Olieo’s kidney disease has been getting markedly worse. For several weeks he paces nightly. He looks for us, panting constantly and unable to settle. Even with pain medication, I know he is suffering. I think because he has become incontinent but knows he isn’t supposed to pee in the house, he doesn’t want to relax.
It hasn’t been possible to tell him it is FINE to just pee on the towels and old blankets everywhere. We don’t know how to convey that there are pee-pads underneath, we are happy to clean up after him, and he’s far too old to worry about anything but his own comfort.
After several nights of sleeping in the living room to be closer to him and available when he needed us, last night we broke down and gave him one of the medications that make him unsteady and loopy but calm. Everyone got a few hours of sleep, which we need to face this impossible day. Some part of me still can’t imagine a day without Olieo, even though I know there are only 270 minutes until that reality.

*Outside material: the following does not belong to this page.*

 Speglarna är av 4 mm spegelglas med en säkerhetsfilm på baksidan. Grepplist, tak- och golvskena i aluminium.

In this final week, we have slowly ticked off the list of things that make his quality of life (and ours) worthwhile. The dog that always emptied his bowl, stole sandwiches from the hands of starving beach artists, and kept the kitchen floor spotless for 13 years has mostly stopped eating. He had a few bites of pancake this morning, and later we will offer him the grapes he has been desperate to try for over a decade and we always kept away from him. He’s only got a few hours to live, what the hell.

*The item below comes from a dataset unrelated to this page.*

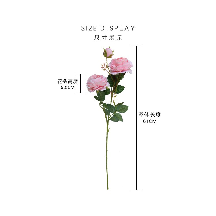 ✔️ Cành hoa giả gồm 3 bông (2 to 1 nụ). Chiều dài 1 cành là 61cm, chiều dài bông hoa là 5.5cm, đường kính 7-9cm.

Instead of jumping up onto chaise lounges, in-and-out of his Subaru Forrester, and generally running toward whatever is the next most exciting thing, he can barely stand up and down, due to arthritis pain. He’s pretty wheezy, likely fluid buildups from the kidney disease, or pneumonia, or some other secondary issue.
Olieo didn’t start out as a cuddly dog, but there was a long stretch in the middle of his life when he tried to turn me into a dog person by being as physically close as he could to me. The result was uncounted but appreciated hours of loving companionship and only a few outbreaks of seconday-contact poison oak.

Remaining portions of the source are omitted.